1. Introduction

In recent years, there has been increasing interest in syntheses of heterocyclic compounds that have biological and commercial importance. Antipyrine compounds play an important role in modern organic synthesis, not only because they constitute a particularly useful class of heterocyclic compounds[1-3], but also because they are of great biological interest. They have been found to have biological[4], clinical[5], and pharmacological[6, 7], activities. One of the most important derivatives of antipyrine is 4-amino- antipyrine, which is used as a synthetic intermediate to prepare polyfunctionally substituted heterocyclic moieties with anticipated biological activity[8], analgesic[9, 10], anti- inflammatory[10], antimicrobial[11-13], and anticancer[14], activities. It was of interest to study the reactivity of antipyrinylhydrazonomalononitrile towards different nitrogen nucleophiles as well as activated nitriles.

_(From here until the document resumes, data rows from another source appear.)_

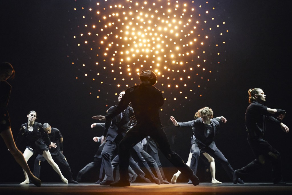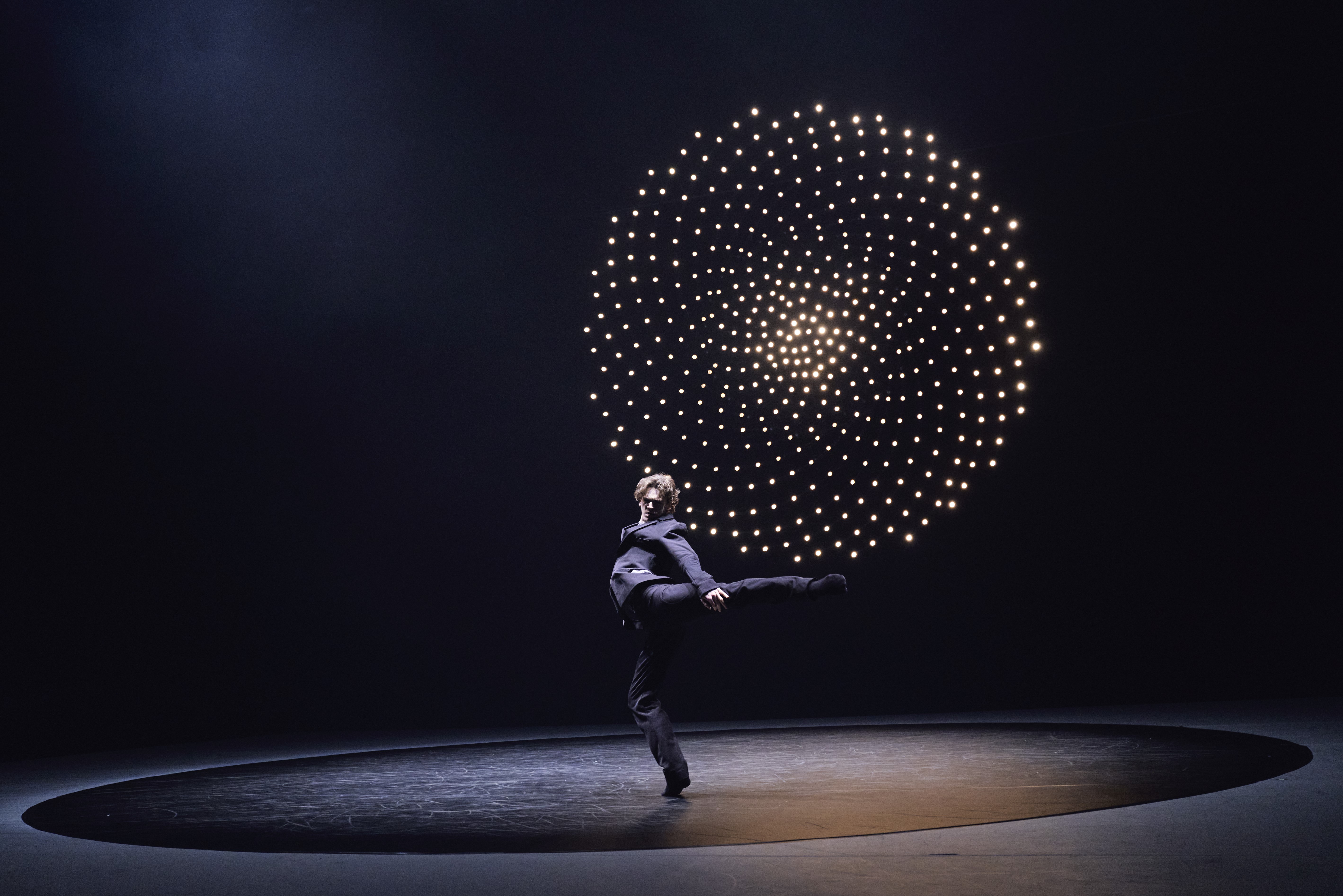 Scenen domineras av en guldglänsande blomma, eller är det ett metalliskt rymdskepp, en sol eller en galax, hur som helst ett jättelikt objekt med spotlights som varierar i storlek och styrka och antal. Dansen, som har en nedåtsträvande modern, jazzig karaktär, skiftar också växelvis i olika konstellationer: hela ensemblen, ytterst samstämd, eller i smågrupper och par mot och med varandra. Likaså solon.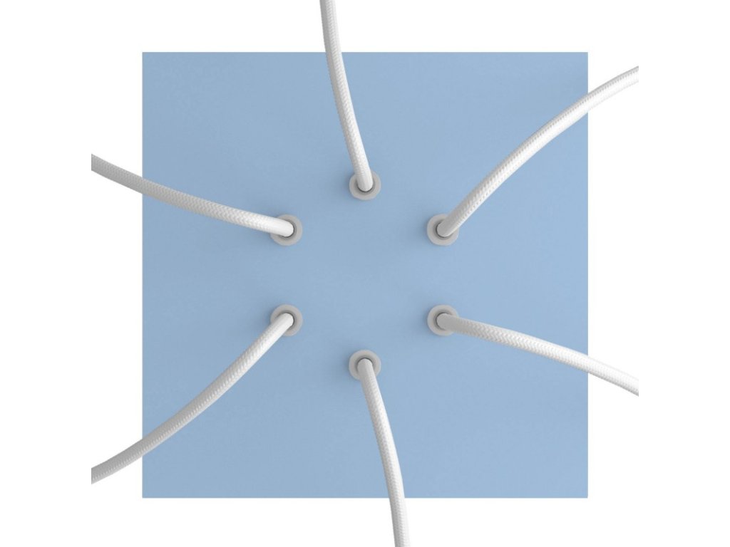 Štvorcový stropný baldachýn z edície Rose-One System predstavuje exkluzívne riešenie z dielne Creative-Cables, vďaka ktorému budú Vaše svietidlá vyzerať ešte dokonalejšie. Tento štvorcový stropný baldachýn Rose-One System s priemerom 200 mm a 6 otvormi je zostavený z menšieho kovového stropného baldachýnu, na ktorý sa pomocou káblových priechodiek pripevní štvorcová platňa s farebným alebo obrazovým motívom s priemerom 200 mm. Vďaka tejto jednoduchej myšlienke budete mať oveľa väčšiu slobodu pri realizácii vlastných svetelných inštalácií. V ponuke si môžete vybrať hneď z niekoľkých sviežich farebných motívov a vzorov, ktoré sme pre vás pripravili. Prajeme vám veľa zábavy! Štvorcový stropný baldachýn Rose-One System s dĺžkou hrany 200 mm.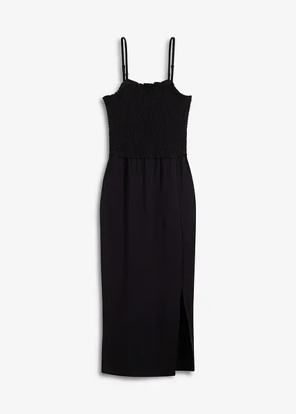 Midikleid aus festem Jersey mit Smockeinsatz und Schlitz in schwarz von vorne - bonprix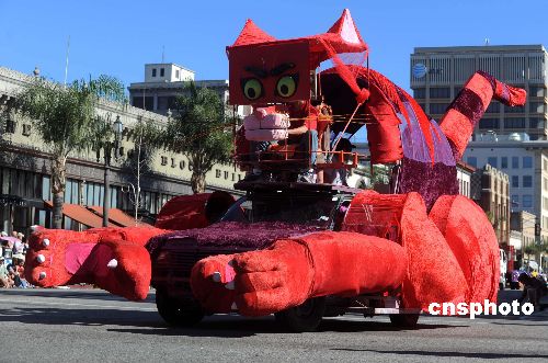 圖為巨貓花車招搖過市。中新社發 張煒 攝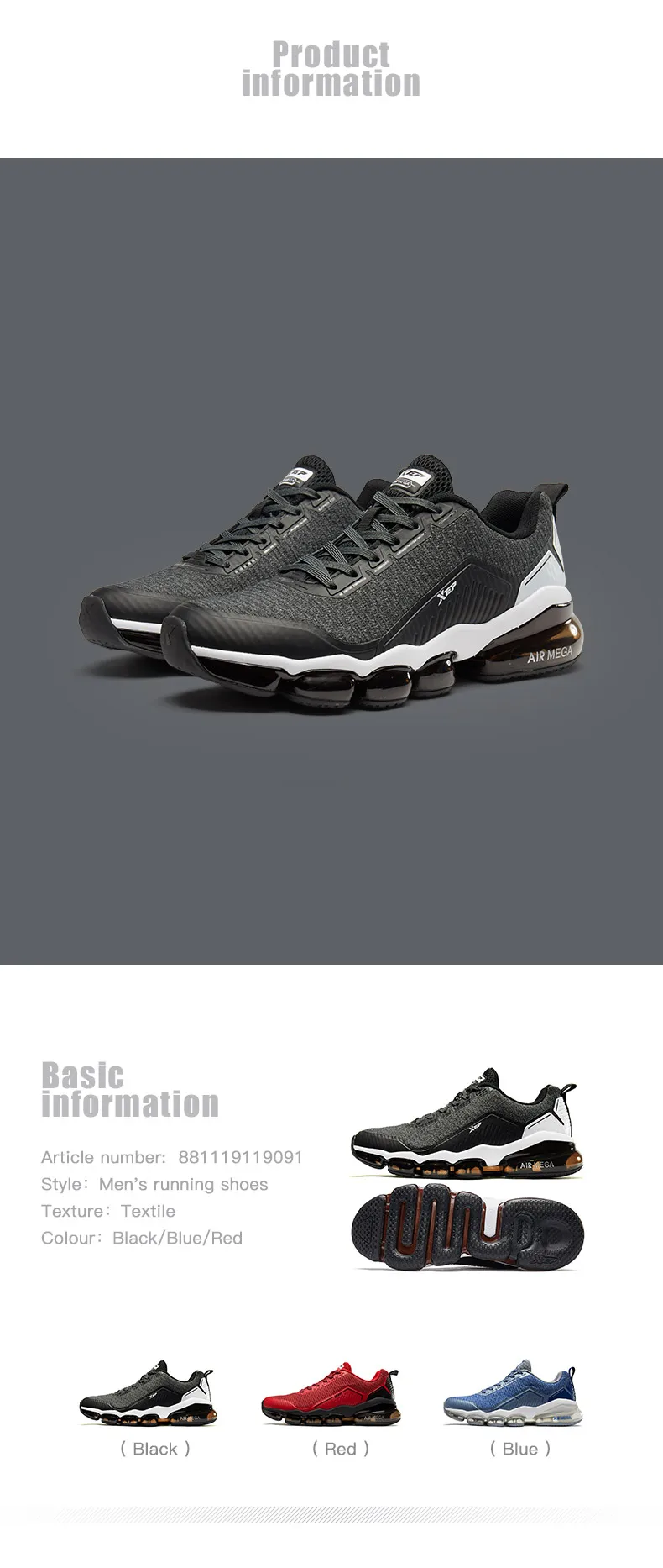 Мужские кроссовки Xtep AIR MEGA, осенне-зимние дышащие кроссовки на воздушной подушке, легкие, водонепроницаемые, спортивные, 881319119066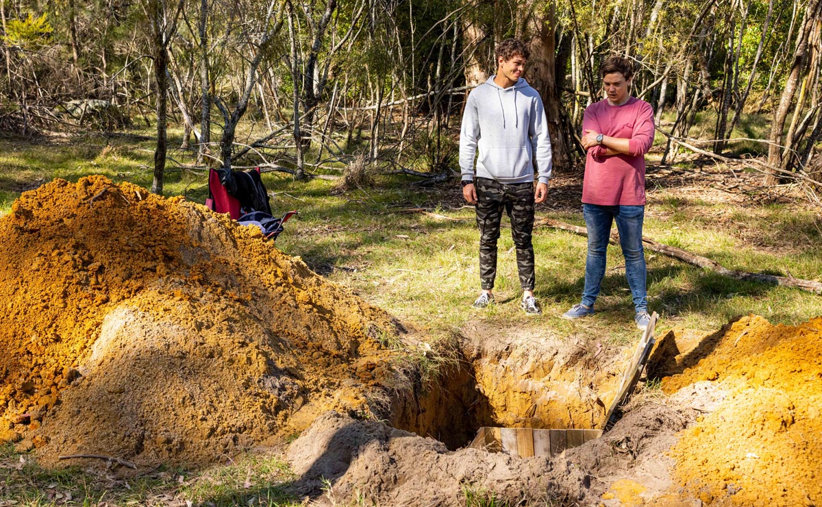 Thankfully, Roo recognises the location of the challenge as a patch of land near the caravan park, and she and Justin race over there and find a distraught Theo. He urges them not worry about him but to find Ryder—who must surely be out of oxygen by now!
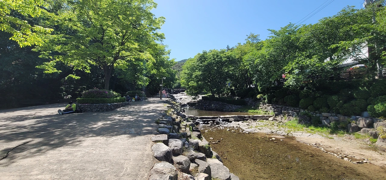 연주암 아래로 하산하다 보면 전에 산장이 있던 자리에 커다란 쉼터가 있고 그 후로 제2약수터, 제1약수터가 있다. 약수는 고인 샘물이다. 그 아래로 제2깔딱고개, 깔딱고개 표지판이 있지만 깔딱고개같은 느낌은 들지 않는다. 과천향교로 가는 계곡길에 몇 개의 징검다리가 있어 탐방로에 운치를 더한다. 길은 계곡 따라 과천향교까지 이어지고 향교 부근의 계곡은 매우 넓어져 많은 사람들이 계곡에서 즐기는 것을 볼 수 있다.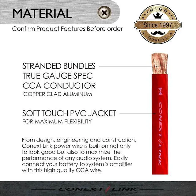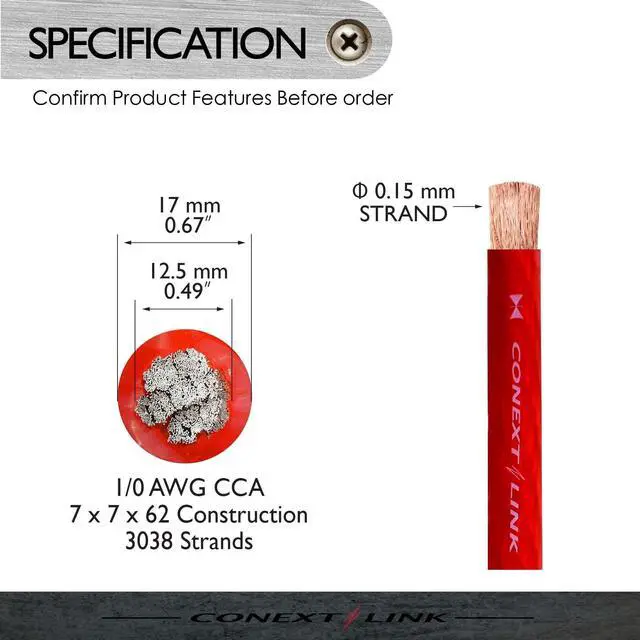 Stranded CCA ( Copper Clad Aluminium ) Conductor with PVC Jacket ^^ Full 1/0 American Wire Gauge, 3038 Strands of CCA ( 0.15 mm) for Conductor ^^ Come in One Continuous Length ^^ High Resistance to Heat, Oil, Chemicals and Abrasion ^^

Considerable studies have been devoted to azo dyes derived from 4-aminoantipyrine[15-19]. Fadda et al[20-24], have been reported the synthesis of different azo disperse dyes for synthetic fibres. Recently, other studies reported the application of synthesized azo dyes to polyester fabrics[25-27]. Thus, we have initiated a program of applying the synthesized dyes derived from 4-aminoantipyrine to polyester as disperse dyes to study their colour measurement and fastness properties.

We aim to synthesize a series of new dyes derived from 4-aminoantipyrine to apply these new dyes to polyester fabrics with the hope to get excellent fastness results.

2. Results and Discussion

2.1. Chemistry

The synthetic strategies adopted to obtain the target compounds are depicted in Scheme 1. Diazonium salt of 4-aminoantipyrine undergo a coupling reaction with malononitrile in ethanolic sodium acetate solution at 0-5^oC to give hydrazonomalononitrile derivative 2[28]. Compound 2 reacted with different secondary aminesnamely;[piperidine, morpholine, piperazine, pyrrolidine, diphenyl amine, ethyl 2-(4-chlorophenylamino)acetate, N- methylglucamine and 1-phenylpiperazine] in refluxing ethanol to afford the corresponding 1:1 acyclic enaminonitrile adducts 3-10, respectively. The formation of enaminonitriles 3-10 was illustrated through the initial addition of the secondary amines to cyano function to form the imino form followed by[1, 5]H migration to form the enamine form. The general structural formula for dyes 2-10 is as shown in Scheme 1. The structures of enaminonitriles 3-10 were confirmed by elemental analyses and spectral data. The IR spectra exhibited absorption bands due to stretching vibrations of NH₂ group within υ = 3450-3301 cm^-1, within υ = 2186-2171 cm^-1 due to CN function and within υ = 1648-1610 cm^-1 due to carbonyl groups. The ¹H-NMR spectrum of compound 3 revealed the presence of three multiplet signals at δ 1.58-1.69, 3.52-3.62 and 7.31-7.52 ppm attributable to (3CH₂, piperidine), (2CH₂, piperidine) and aromatic protons, respectively, revealed two singlet signals at δ 2.63 and 3.16 ppm due to methyl and N-methyl protons, respectively and amino protons appeared at δ 7.13 ppm as broad singlet signal. The ¹³C-NMR spectra revealed signals due to cyano group within δ = 114.8-114.3 ppm. Furthermore, the detailed ¹H-NMR and ¹³C-NMR spectra for each compound were mentioned in the experimental section. Moreover, the mass spectroscopic measurement of compounds 3-5 and 8-10 showed the molecular ion peaks at 367 (M⁺, 12.3), 368 (M⁺-1, 6.7), 477 (M⁺, 100.0), 495 (M⁺, 17.5), 368 (M⁺, 11.4) and 444 (M⁺, 5.0), respectively, which are equivalent with the molecular formula of the structures.

However, no details regarding the dyeing behaviour of these compounds as disperse dyes for dyeing polyester fibres have been reported.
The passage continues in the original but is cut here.